##### RECORD EXTRACTS

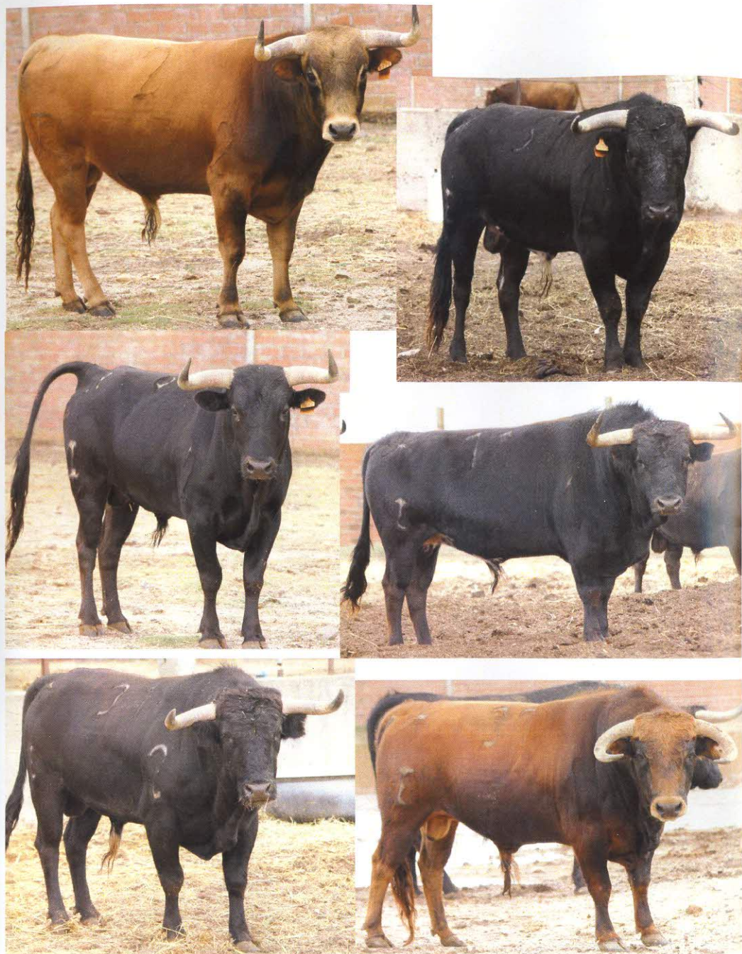
TOROS PARA LOS ENCIERROS FIESTAS SANTIAGO APOSTOL 2015
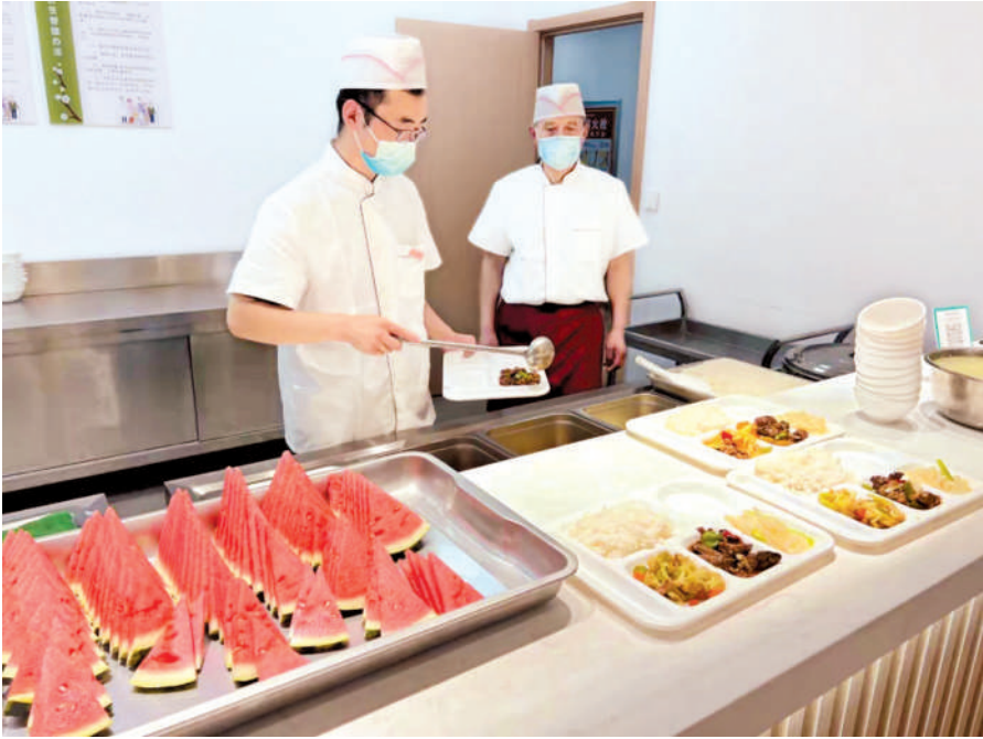
相王现代公司合理搭配饮食。

推进科技项目离不开协同创新。智能化研究所注重发挥青年生力军和突击队作用,支持青年人才“挑大梁、当主角”,同时注重协调配合、科学分工,形成团队整体工作合力,以只争朝夕的精神状态抓推进。坚持每天一反馈、每周一调度,多项模块工作交织进行,加班加点增时速,日追夜赶抢进度。单是
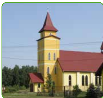
Kościół w Jamielniku

Od 1466 roku Jamielnik stanowił własność królewską w ramach starostwa bratiańskiego. Przez wiele lat wioska nie mogła się wydobyć z zapaści po wojnach z XIV wieku. Jakby tego było mało, w XVII wieku Jamielnik padł ofiarą pożogi wojennej, w wyniku czego zaginęły dokumenty lokacyjne wsi. Gdy w 1664 roku lustratorzy królewscy rozpoczęli lustrację wsi odnotowano, że wioska była prawie całkiem opuszczona – w całej wsi mieszkały tylko dwie rodziny. Dopiero za czasów pruskich wieś odrodziła się na nowo – opis z 1882 roku przekazuje, że mieszkało tutaj 387 osób – katolików, nie wspomina się ewangelików.
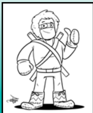
LE GARDIEN DE PAIX

Nous sommes les nouveaux héros des Aventures du gaboteur Venez nous visiter au Labrador
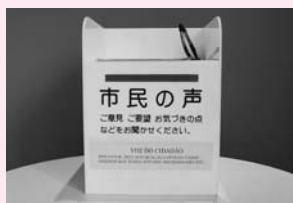
投書箱（設置場所により形が異なります）

市では、より良い市政を行っていくために、市民の皆さんから広く意見や要望などをお聞きする「市民の声」という制度を設けています。
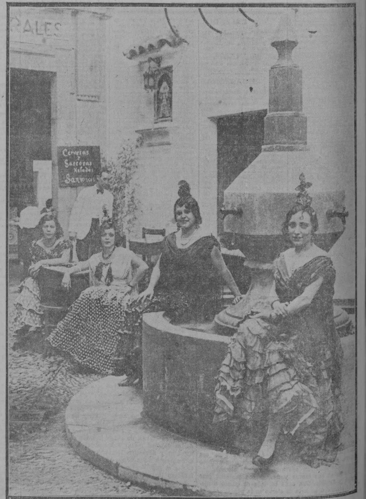
BARCELONA. Inauguración de la Semana Andaluza en los jardines del Pueblo Español. Un detalle de la fiesta.
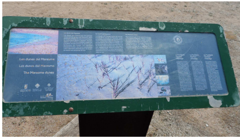
Foto 1. Faristol sud a TS1. Li caldria un repàs de pintura a les vores
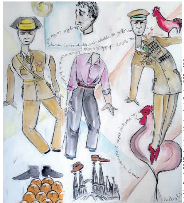
Spiel im Sand, 2017, dreiteilig, Mischtechnik/Papier, 200 x 120 cm

Aus der Theaterarbeit kommend, eröffnen mir das Zeichnen, das Drucken sowie das Gestalten textiler Objekte zusätzliche Möglichkeiten, Menschen zu beschreiben und darzustellen. Diese freien Arbeiten bilden den Ursprung für die charakteristische Erfassung einer Figur. Im Ergebnis wird jedes einzelne Blatt Spiegel einer künstlerischen Suche, die mit meiner ersten Empfindung zu einer Person beginnt. Die Basis für meine Inspiration ist immer die Beobachtung. Veränderungen werden wahrgenommen und kreativ verarbeitet. Pia Wessels
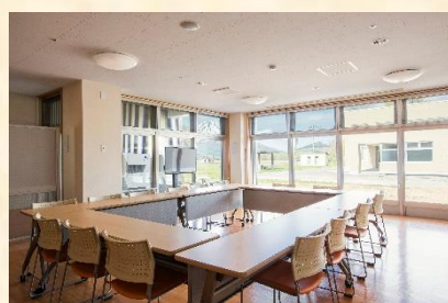
機能訓練・会議研修室
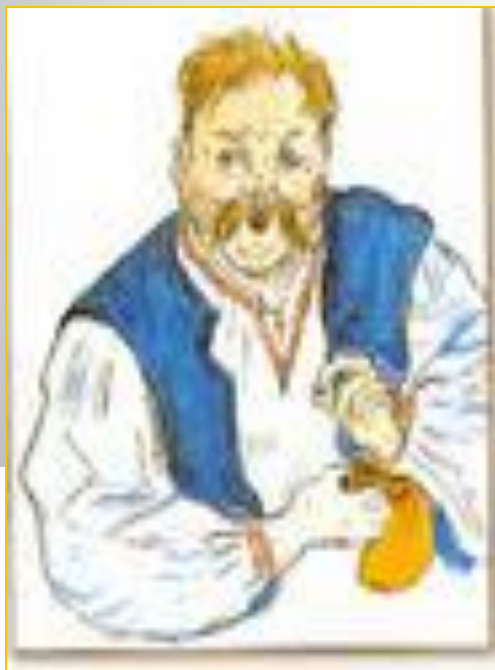
1 –я команда «Рудой Панька»
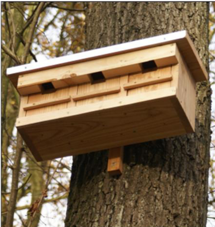
Abbildung 10: Nisthilfen für Feldsperlinge (HEBEGRO GBR o.J.)

Ein maßnahmen- und/oder populationsbezogenes Risikomanagement/Monitoring ist nicht erforderlich (LANUV NRW 2019, FÖA LANDSCHAFTSPLANUNG 2013).
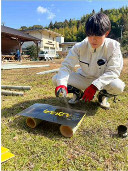
案内板も作りました！
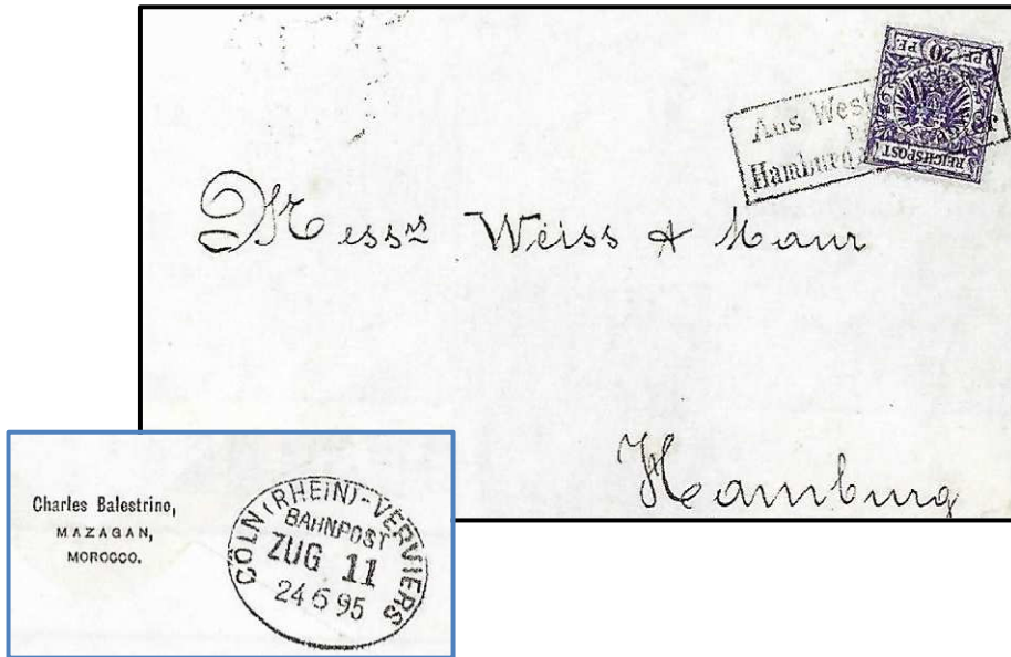
Lettre affranchie à 20 pfennigs adressée à Weiss & Maur à Hambourg et envoyée de Mazagan le 24 juin 1895. Cachet maritime type 1. Lot N° 6863 VSO Stuttgart 2005.
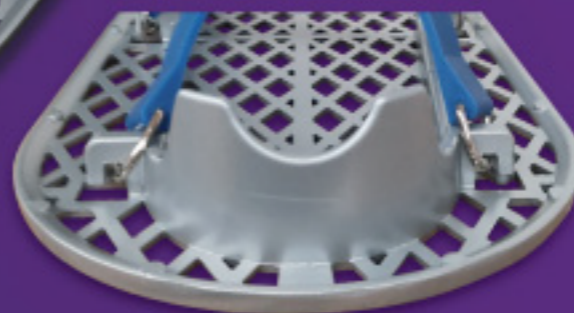
キックバック付の靴にも対応
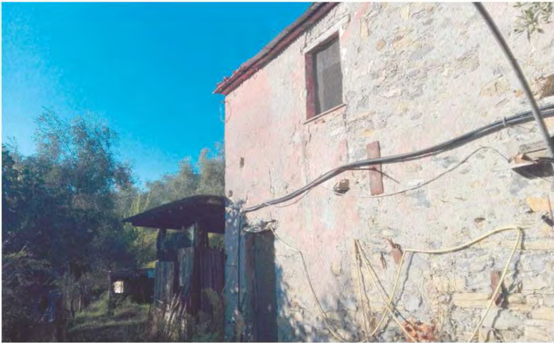
FOTO 12, 13. Corpi di fabbrica da demolire
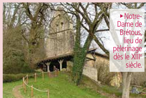
► Notre-Dame de Brétous, lieu de pèlerinage dès le XIII e siècle.

À environ un kilomètre de Saint-Arailles, la chapelle Notre-Dame de Brétous, dont la première mention remonte à 1080 est inscrite aux monuments historiques depuis 1943. Accrochée à mi-pente du coteau, dans son nid de verdure, surplombant le cimetière et la fontaine miraculeuse, on l'atteint par un petit raidillon de terre ; une rampe facilite la montée. Elle est surmontée à l'ouest par un clocher-mur et se termine à l'est par un chevet gothique à 5 pans. Le clocher-mur comporte 3 ouvertures, mais pas de cloches. À l'intérieur la nef est simple. Le plafond de bois a été refait il y a quelques années et le sol est de carreaux de terre cuite. L'autel en bois, surélevé d'une marche, date de 1855. On devine sous le crépi les restes de tout un décor peint qui couvrait l'ensemble du chœur. En redescendant, les saules pleureurs abritent la fontaine, réputée autrefois pour guérir les maladies des yeux et les rhumatismes. Le village de Saint-Arailles est un des rares castelnaux restaurés. La pile gallo-romaine de la Tarraque du Merlieu, le lavoir et l'église de Saint-Jean-d'Anglés sont en cours de restauration. Une belle promenade pittoresque et vallonnée.
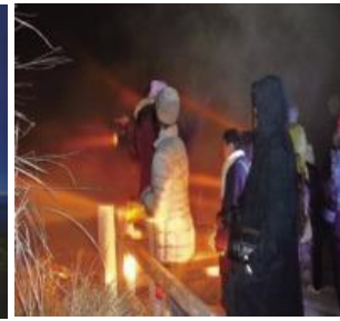
雲仙地獄 ナイトツアー
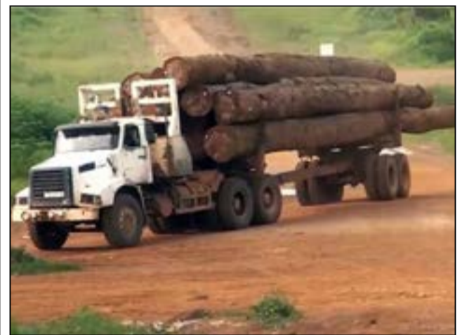
Exportation de grume.

Suivant sa politique souveraine, le Congo a simplement choisi, en 2019, faisant face à la crise financière, de faire financer certains projets de développement par des entreprises de l'industrie forestière, en contrepartie de volume bien limité d'exportation de grumes de bois. Selon la ministre de l'économie forestière, Rosalie Matondo, «le gouvernement a signé, en 2019, des conventions, avec certaines sociétés forestières, pour la réalisation des ouvrages (ponts, routes...), avec certaines sociétés forestières. Ce sont ces réalisations qui font l'objet d'exportation de grumes de bois». La Sefyd, indexée dans l'enquête de Tv5 Monde, figure sur la liste officielle des sociétés autorisées à exporter des grumes de bois.

##########

**WHAT THE EXERCISE ASKS**
The records above should be repeated exactly, with every picture omitted.

**THE COMPLETED TASK**
TOROS PARA LOS ENCIERROS FIESTAS SANTIAGO APOSTOL 2015
相王现代公司合理搭配饮食。

推进科技项目离不开协同创新。智能化研究所注重发挥青年生力军和突击队作用,支持青年人才“挑大梁、当主角”,同时注重协调配合、科学分工,形成团队整体工作合力,以只争朝夕的精神状态抓推进。坚持每天一反馈、每周一调度,多项模块工作交织进行,加班加点增时速,日追夜赶抢进度。单是
Kościół w Jamielniku

Od 1466 roku Jamielnik stanowił własność królewską w ramach starostwa bratiańskiego. Przez wiele lat wioska nie mogła się wydobyć z zapaści po wojnach z XIV wieku. Jakby tego było mało, w XVII wieku Jamielnik padł ofiarą pożogi wojennej, w wyniku czego zaginęły dokumenty lokacyjne wsi. Gdy w 1664 roku lustratorzy królewscy rozpoczęli lustrację wsi odnotowano, że wioska była prawie całkiem opuszczona – w całej wsi mieszkały tylko dwie rodziny. Dopiero za czasów pruskich wieś odrodziła się na nowo – opis z 1882 roku przekazuje, że mieszkało tutaj 387 osób – katolików, nie wspomina się ewangelików.
LE GARDIEN DE PAIX

Nous sommes les nouveaux héros des Aventures du gaboteur Venez nous visiter au Labrador
投書箱（設置場所により形が異なります）

市では、より良い市政を行っていくために、市民の皆さんから広く意見や要望などをお聞きする「市民の声」という制度を設けています。
BARCELONA. Inauguración de la Semana Andaluza en los jardines del Pueblo Español. Un detalle de la fiesta.
Foto 1. Faristol sud a TS1. Li caldria un repàs de pintura a les vores
Spiel im Sand, 2017, dreiteilig, Mischtechnik/Papier, 200 x 120 cm

Aus der Theaterarbeit kommend, eröffnen mir das Zeichnen, das Drucken sowie das Gestalten textiler Objekte zusätzliche Möglichkeiten, Menschen zu beschreiben und darzustellen. Diese freien Arbeiten bilden den Ursprung für die charakteristische Erfassung einer Figur. Im Ergebnis wird jedes einzelne Blatt Spiegel einer künstlerischen Suche, die mit meiner ersten Empfindung zu einer Person beginnt. Die Basis für meine Inspiration ist immer die Beobachtung. Veränderungen werden wahrgenommen und kreativ verarbeitet. Pia Wessels
機能訓練・会議研修室
1 –я команда «Рудой Панька»
Abbildung 10: Nisthilfen für Feldsperlinge (HEBEGRO GBR o.J.)

Ein maßnahmen- und/oder populationsbezogenes Risikomanagement/Monitoring ist nicht erforderlich (LANUV NRW 2019, FÖA LANDSCHAFTSPLANUNG 2013).
案内板も作りました！
Lettre affranchie à 20 pfennigs adressée à Weiss & Maur à Hambourg et envoyée de Mazagan le 24 juin 1895. Cachet maritime type 1. Lot N° 6863 VSO Stuttgart 2005.
キックバック付の靴にも対応
FOTO 12, 13. Corpi di fabbrica da demolire
► Notre-Dame de Brétous, lieu de pèlerinage dès le XIII e siècle.

À environ un kilomètre de Saint-Arailles, la chapelle Notre-Dame de Brétous, dont la première mention remonte à 1080 est inscrite aux monuments historiques depuis 1943. Accrochée à mi-pente du coteau, dans son nid de verdure, surplombant le cimetière et la fontaine miraculeuse, on l'atteint par un petit raidillon de terre ; une rampe facilite la montée. Elle est surmontée à l'ouest par un clocher-mur et se termine à l'est par un chevet gothique à 5 pans. Le clocher-mur comporte 3 ouvertures, mais pas de cloches. À l'intérieur la nef est simple. Le plafond de bois a été refait il y a quelques années et le sol est de carreaux de terre cuite. L'autel en bois, surélevé d'une marche, date de 1855. On devine sous le crépi les restes de tout un décor peint qui couvrait l'ensemble du chœur. En redescendant, les saules pleureurs abritent la fontaine, réputée autrefois pour guérir les maladies des yeux et les rhumatismes. Le village de Saint-Arailles est un des rares castelnaux restaurés. La pile gallo-romaine de la Tarraque du Merlieu, le lavoir et l'église de Saint-Jean-d'Anglés sont en cours de restauration. Une belle promenade pittoresque et vallonnée.
雲仙地獄 ナイトツアー
Exportation de grume.

Suivant sa politique souveraine, le Congo a simplement choisi, en 2019, faisant face à la crise financière, de faire financer certains projets de développement par des entreprises de l'industrie forestière, en contrepartie de volume bien limité d'exportation de grumes de bois. Selon la ministre de l'économie forestière, Rosalie Matondo, «le gouvernement a signé, en 2019, des conventions, avec certaines sociétés forestières, pour la réalisation des ouvrages (ponts, routes...), avec certaines sociétés forestières. Ce sont ces réalisations qui font l'objet d'exportation de grumes de bois». La Sefyd, indexée dans l'enquête de Tv5 Monde, figure sur la liste officielle des sociétés autorisées à exporter des grumes de bois.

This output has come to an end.